I just cut some cherry a couple weeks ago. I cut it like hockey pucks and put it in a plastic mesh bag that those frozen fun pops come in. I then put it over one of the heating vents in my house. Living in Wisconsin and since its been colder than a well digger's ass it gets warm air blown on it most of the day. The pieces are dry and splitting after only a week. Too bad it's been too cold to use the UDS. Maybe next Saturday on the ice at the fishing contest. Woo-Hoo


----------



## hog warden (Jan 12, 2010)

I agree with these guys. What you are waiting for is the water in the wood to evaporate out. A stick of wood is not much more than a bundle of straws. Water moves up and down the straws to the ends, not through the sides. Cut them into short lengths and it has less distance to travel. Put a stick of green wood on a fire and water bubbles out the ends, not through the sides.

If it dries too fast, it shrinks and cracks (checks).

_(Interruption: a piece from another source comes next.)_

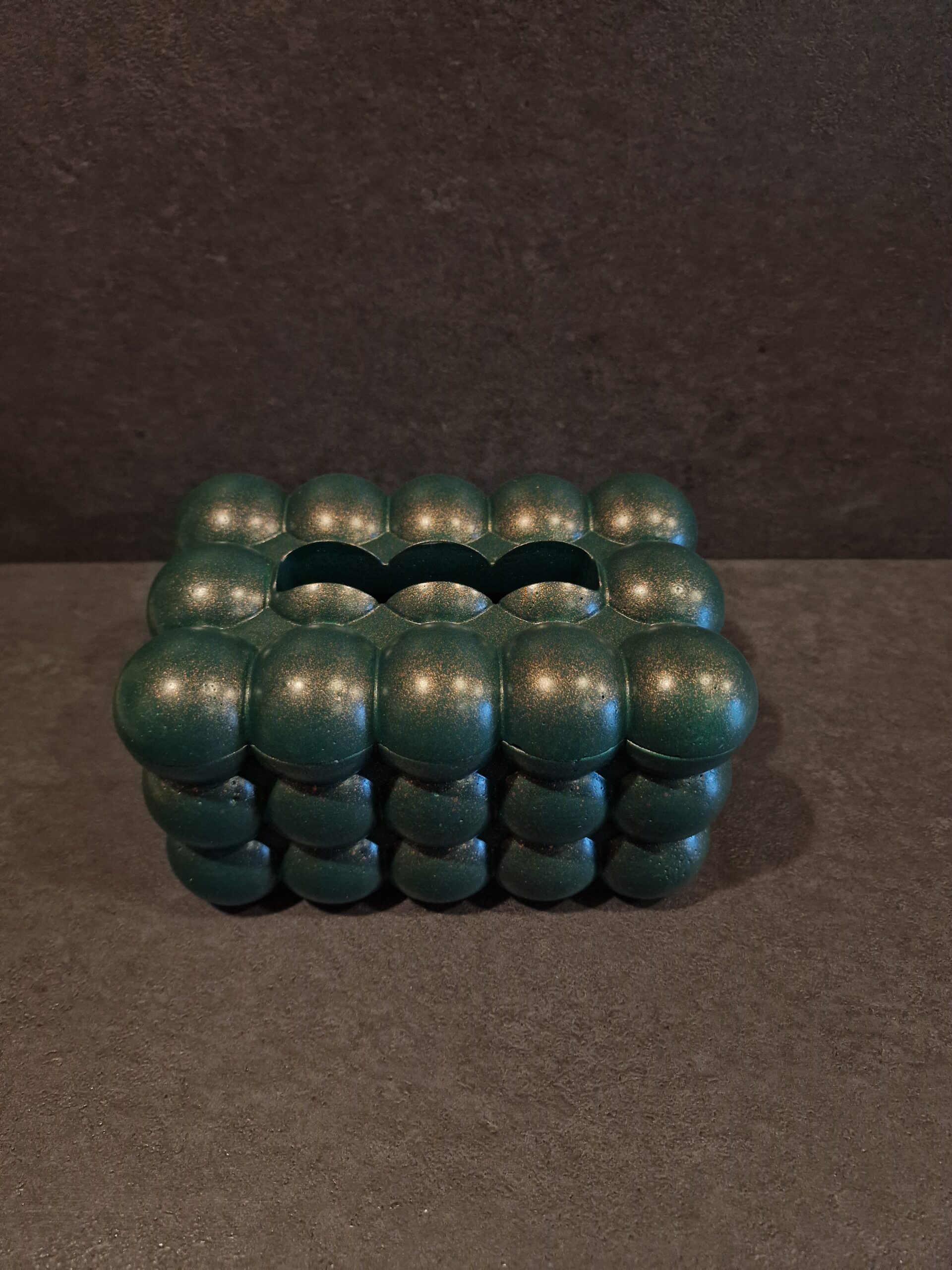 Ieškai stilingo ir išskirtinio sprendimo savo namams? Ši betoninė rankų darbo servetėlių dėžutė – tikras interjero perlas, sujungiantis minimalistinį dizainą ir praktiškumą. Moderni burbulų formos tekstūra suteikia žaismingumo ir elegancijos, o tvirtas betonas garantuoja ilgaamžiškumą.
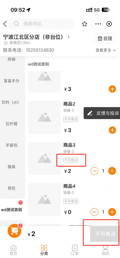 自提,单点时,结算按钮显示“不可单点”且不可点击;

That will ruin lumber, so they paint the ends of logs with latex paint, but still send them to the sawmill green. They are then stickered (stacked with sticks between them) for air to get in and circulate. In this case, they are forcing the water to evaporate through the sides instead of the ends. This is a long, slow process. A kiln speeds that up, but taken too far, they will dry too fast and check. 

But checking and cracking doesn't matter with firewood or smoking chunks.
This stuff was cut a little over a month ago but the short pieces are now dry enough to use:


----------



## hog warden (Jan 12, 2010)

PS:

The cherry and mulberry, which have straight grain and will split easily, dried faster than the pecan. 

The ends of the cherry chunks were wet for a couple days after cutting. The pecan never was. It is still a little green. Maple and hickory would have the same problem. They are going to take longer

Apple would more like cherry and would dry fast, if it's cut in short lengths.


----------



## oldschoolbbq (Jan 12, 2010)

Just burn it somewhere else-to coals- all the creosote will be brunt off byt then and it will still get good flavor.The creosote comes from green wood IN the firebox,not coals. Explain better Trav.


----------



## silverwolf636 (Jan 12, 2010)

Last spring I came across someone cutting down a 30 ft wild cherry and she said I could take what I wanted.  These were pieces from 2 in to 9 inch in diameter and I cut them about 12 - 14 in long.  I was anticipating atleast 9 - 12 month wait until I read about green wood smoking. Since this was a relative to the fruit tree I only waited 3-4 months and have been using it since.  You cold use a cheap cut and try it out on and see what you get.
As the others say: there's my .02 worth. lol
--ray--


----------



## badfrog (Jan 12, 2010)

any of you guys in Fl cook with citrus wood? I have never heard of it or done it, just wondering how it would do.


----------